If the latter occurs, the command

>> simplify(y)

should tell you that y is in fact equal to cos(t).  (You can check this by using Euler's formula, e^it = cos t + i sin t.)

Exercise A4.1
	(a)  Use MATLAB to compute the Laplace transforms L{1} and L{sin2(t)}.  (If MATLAB gives you something like a/b/c this means a/(b*c).)
	(b)  Explain how, using the results from part (a), we can at this point compute L{(cos2(t)) without using MATLAB or doing an integral.  What do you get?  (Hint: use the trig identity sin2(t) + cos2(t) = 1).
	(c)  Now use MATLAB to calculate L{cos2(t)}, and verify your answer to part (b).  You may have to do some additional scratch work to see that your answers match.
	(d)  Use MATLAB to compute the inverse Laplace transform of 4/(9+s2).  If your answer looks complicated, try using the simplify command on it.

§A4.3 Heaviside

    The Laplace transform is a powerful tool, but we do have to acknowledge that it applies only in limited situations.  Namely, we can't use the Laplace transform to solve differential equations unless such equations are linear equations with constant coefficients.  Furthermore, the solution method is most beneficial when we have initial conditions.

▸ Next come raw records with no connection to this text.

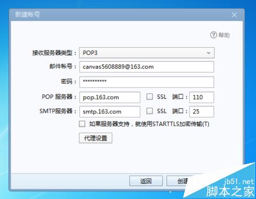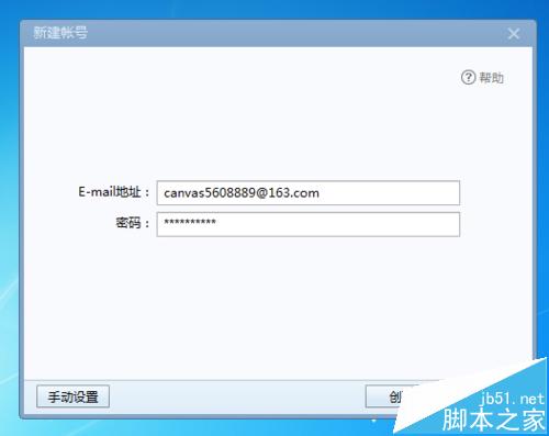 3、在对话框的提示框里输入要设置的邮箱的地址和密码,点击下方的创建。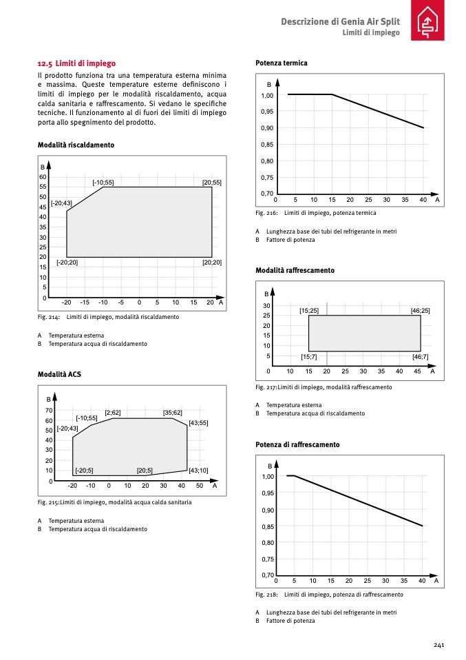 Fig. 218: Limiti di impiego, potenza di raffrescamento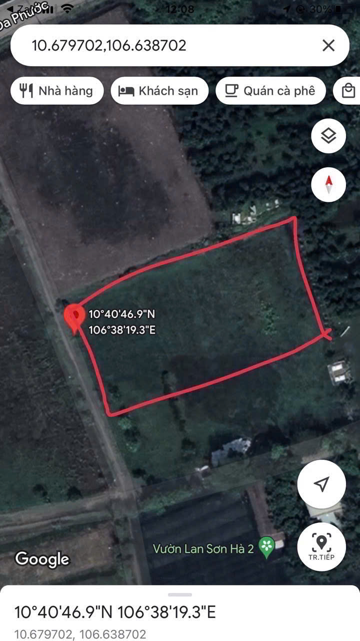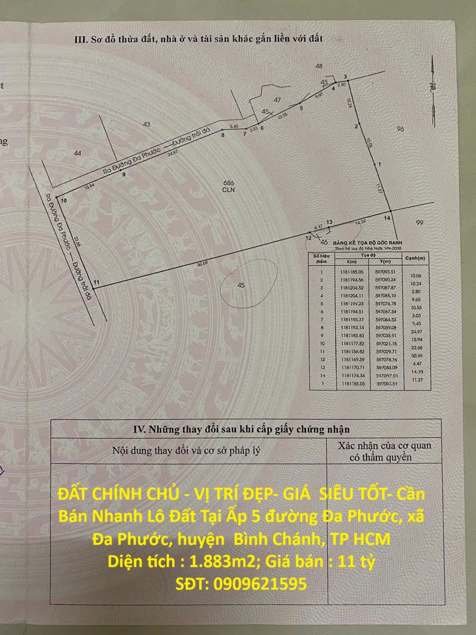 Diện tích : 1.883m2, đất trồng cây lâu năm ( ngang 23m2, dài 65m2, nở hậu 32m2)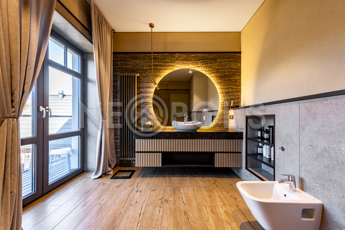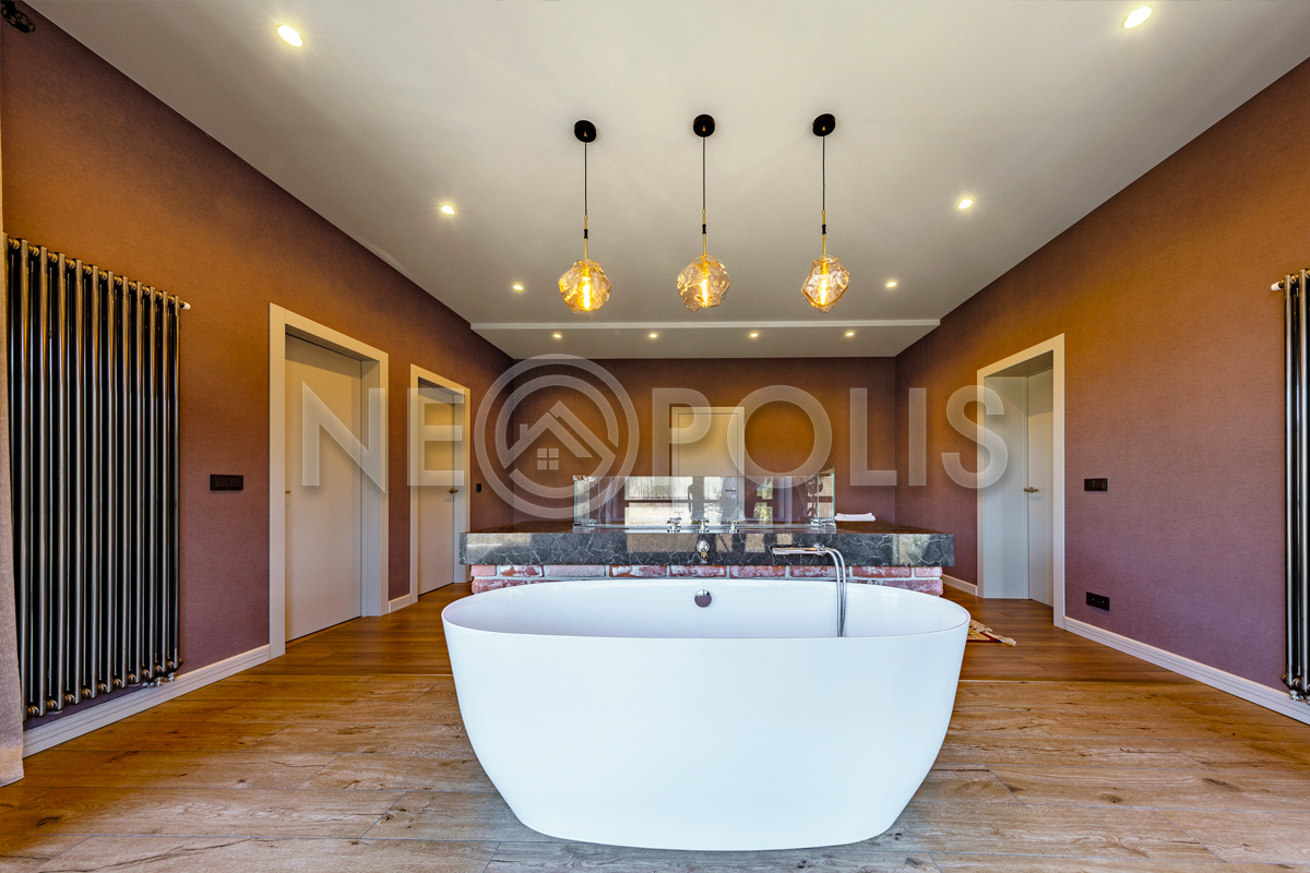 В хозяйской ванной установлена итальянская ванная из литого мрамора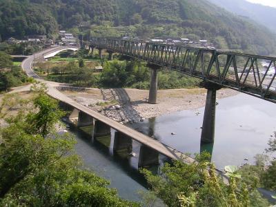 三島にある四万十川中洲の西側に架かる沈下橋で、昭和41年の建造。すぐ傍をJR予土線の鉄橋が通っており、運が良ければ鉄橋を走る列車と沈下橋の撮影ができます。上流には三島キャンプ場があります。- 旅行時期

    As explained above, the Laplace transform, in a sense, "takes the calculus out" of solving differential equations, and thus may be a good technique for solving differential equations by hand.  Of course, we're interested in ways MATLAB can be of use.  If all we deal with are linear equations with constant coefficients, then we know ode45 can already do the job.  So why go to the trouble of using MATLAB to accomplish the four steps of the Laplace transform outlined in the beginning of this assignment?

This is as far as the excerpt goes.